When you use regex patterns in spark-sql with double quotes spark.sql(".....")
,it is considered as string within another string, so two things happen. Consider this
scala> val df = Seq("12.1").toDF("val")
df: org.apache.spark.sql.DataFrame = [val: string]
scala> df.withColumn("FirstPart", split($"val", "\\.")).select($"FirstPart".getItem(0).as("PartOne")).show
+-------+
|PartOne|
+-------+
| 12|
+-------+
scala> df.createOrReplaceTempView("temp")
With df(), the regex-string for split is directly passed to the split string, so you just need to escape the backslash alone (\).
But when it comes to spark-sql, the pattern is first converted into string and then again passed as string to split() function,
So you need to get \\.
before you use that in the spark-sql
The way to get that is to add 2 more \
scala> "\\."
res12: String = \.
scala> "\\\\."
res13: String = \\.
scala>
If you just pass "\\."
in the spark-sql, first it gets converted into \.

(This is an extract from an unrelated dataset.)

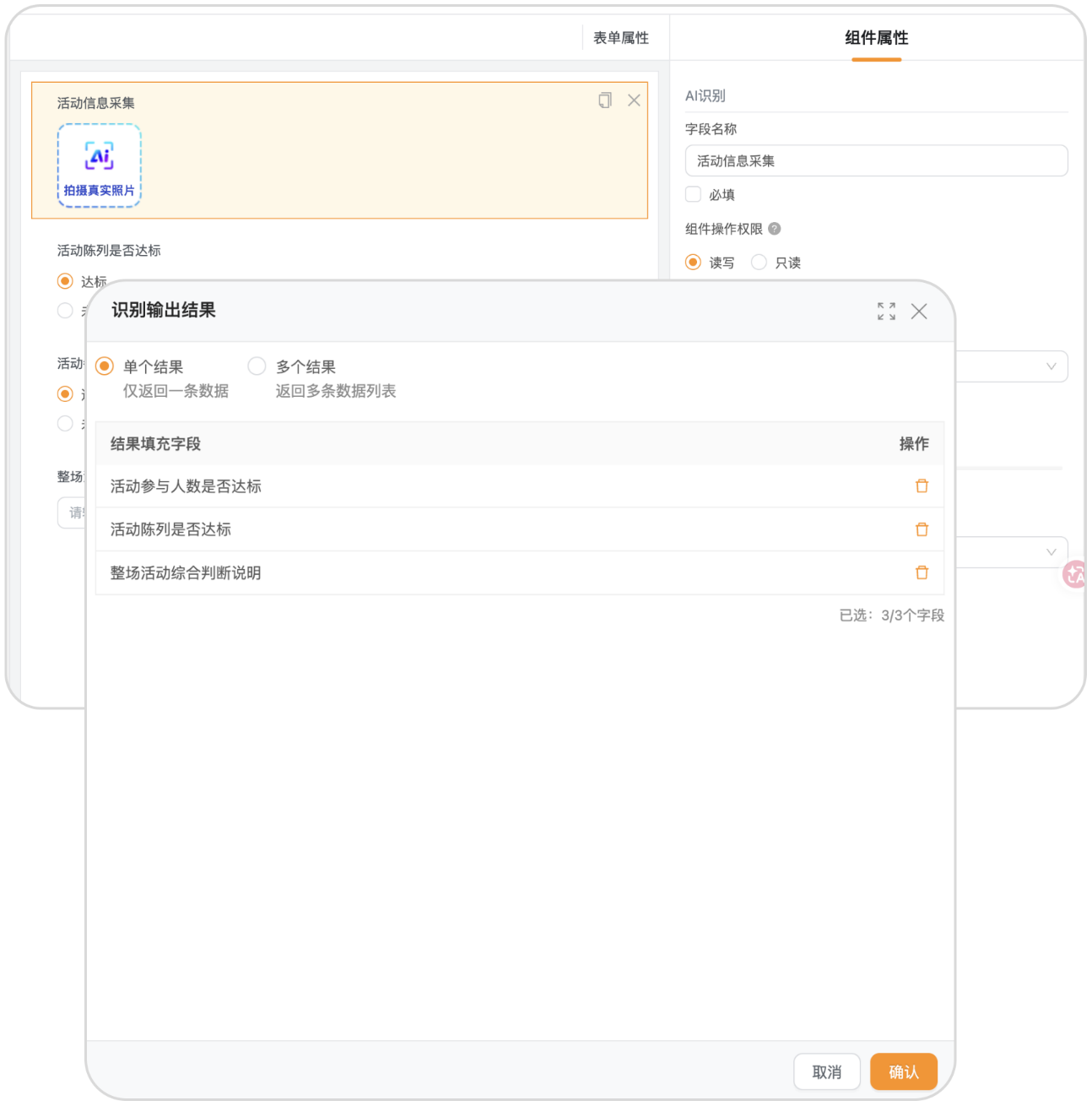 - 输出模式灵活可选 :AI 识别组件现已支持“单结果”与“多结果”两种输出配置,适配从简单判定到复杂采集的各类作业。

and then to ".", which in regex context becomes (.) "any" character
i.e split on any character, and since each character is adjacent to each other, you get an array of empty string.
The length of the string "12.1" is four and also it matches the final boundary "$" of the string as well.. so upto split(val, '\.')[4], you'll get the
empty string. When you issue split(val, '\.,')[5], you'll get null
To verify this, you can pass the same delimiter string "\\."
to regex_replace() function and see what happens
scala> spark.sql("select split(val, '\\.')[0] as firstPartSQL, regexp_replace(val,'\\.','9') as reg_ex from temp").show
+------------+------+
|firstPartSQL|reg_ex|
+------------+------+
| | 9999|
+------------+------+
scala> spark.sql("select split(val, '\\\\.')[0] as firstPartSQL, regexp_replace(val,'\\\\.','9') as reg_ex from temp").show
+------------+------+
|firstPartSQL|reg_ex|
+------------+------+
| 12| 1291|
+------------+------+
scala>
If you still want to use the same pattern between df and sql, then go with raw string i.e triple quotes.
scala> raw"\\."
res23: String = \\.
scala>
scala> spark.sql("""select split(val, '\\.')[0] as firstPartSQL, regexp_replace(val,'\\.','9') as reg_ex from temp""").show
+------------+------+
|firstPartSQL|reg_ex|
+------------+------+
| 12| 1291|
+------------+------+
scala> spark.sql("""select split(val, "\\.")[0] as firstPartSQL, regexp_replace(val,"\\.",'9') as reg_ex from temp""").show
+------------+------+
|firstPartSQL|reg_ex|
+------------+------+
| 12| 1291|
+------------+------+
scala>